- _Work required_
You are asked to repeat the listing word for word and to leave out its pictures.

- _Provided data_
== == ==
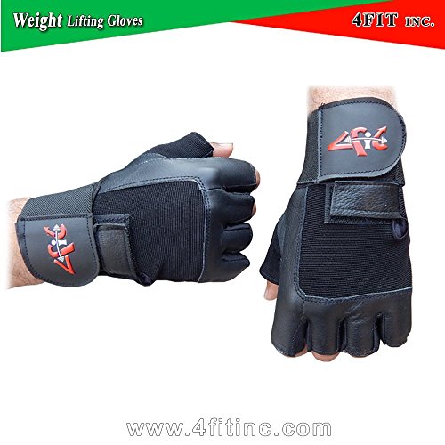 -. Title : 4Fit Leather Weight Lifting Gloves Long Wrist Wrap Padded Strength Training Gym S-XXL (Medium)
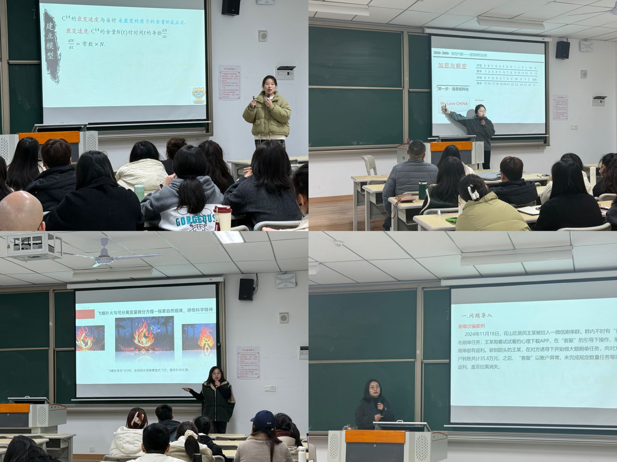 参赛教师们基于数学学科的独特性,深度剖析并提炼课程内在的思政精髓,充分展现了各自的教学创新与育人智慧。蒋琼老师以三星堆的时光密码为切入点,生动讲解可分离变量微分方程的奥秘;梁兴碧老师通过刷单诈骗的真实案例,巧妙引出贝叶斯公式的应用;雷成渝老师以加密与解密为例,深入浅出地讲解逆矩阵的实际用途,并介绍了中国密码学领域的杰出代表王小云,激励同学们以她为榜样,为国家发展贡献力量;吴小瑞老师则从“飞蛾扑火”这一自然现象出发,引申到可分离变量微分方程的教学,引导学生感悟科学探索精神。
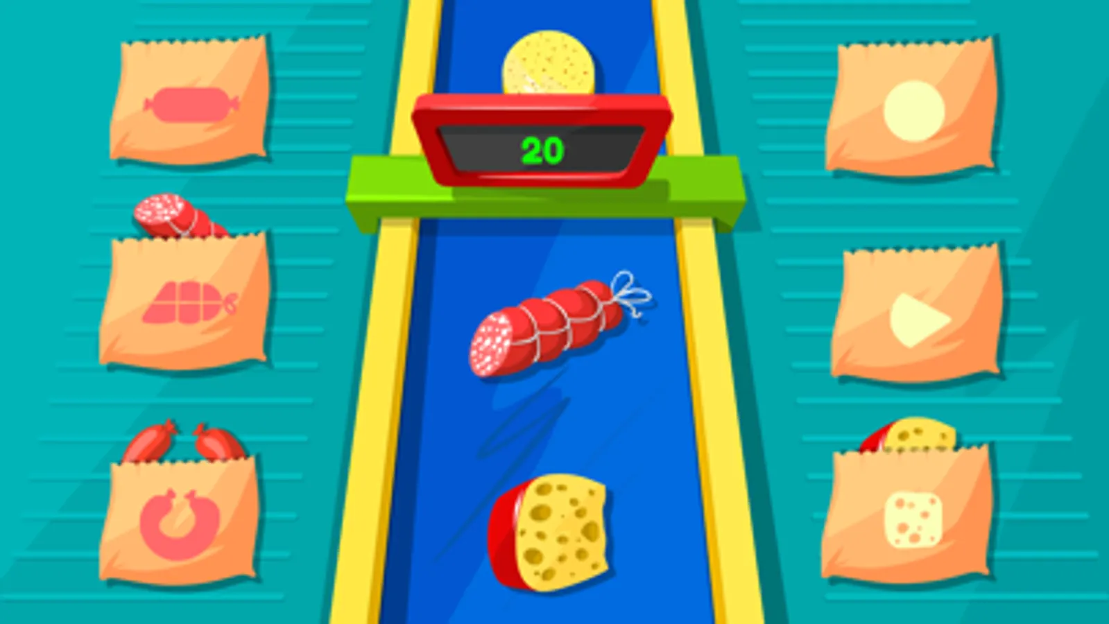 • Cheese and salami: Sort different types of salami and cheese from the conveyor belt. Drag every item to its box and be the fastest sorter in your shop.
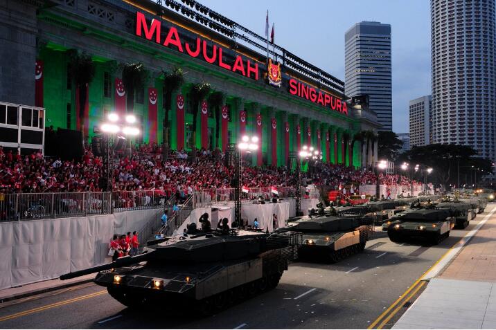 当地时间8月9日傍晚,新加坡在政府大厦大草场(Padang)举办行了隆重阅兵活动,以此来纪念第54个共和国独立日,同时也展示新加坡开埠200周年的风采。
== == ==
- _Completed task_
 -. Title : 4Fit Leather Weight Lifting Gloves Long Wrist Wrap Padded Strength Training Gym S-XXL (Medium)
 参赛教师们基于数学学科的独特性,深度剖析并提炼课程内在的思政精髓,充分展现了各自的教学创新与育人智慧。蒋琼老师以三星堆的时光密码为切入点,生动讲解可分离变量微分方程的奥秘;梁兴碧老师通过刷单诈骗的真实案例,巧妙引出贝叶斯公式的应用;雷成渝老师以加密与解密为例,深入浅出地讲解逆矩阵的实际用途,并介绍了中国密码学领域的杰出代表王小云,激励同学们以她为榜样,为国家发展贡献力量;吴小瑞老师则从“飞蛾扑火”这一自然现象出发,引申到可分离变量微分方程的教学,引导学生感悟科学探索精神。
 • Cheese and salami: Sort different types of salami and cheese from the conveyor belt. Drag every item to its box and be the fastest sorter in your shop.
 当地时间8月9日傍晚,新加坡在政府大厦大草场(Padang)举办行了隆重阅兵活动,以此来纪念第54个共和国独立日,同时也展示新加坡开埠200周年的风采。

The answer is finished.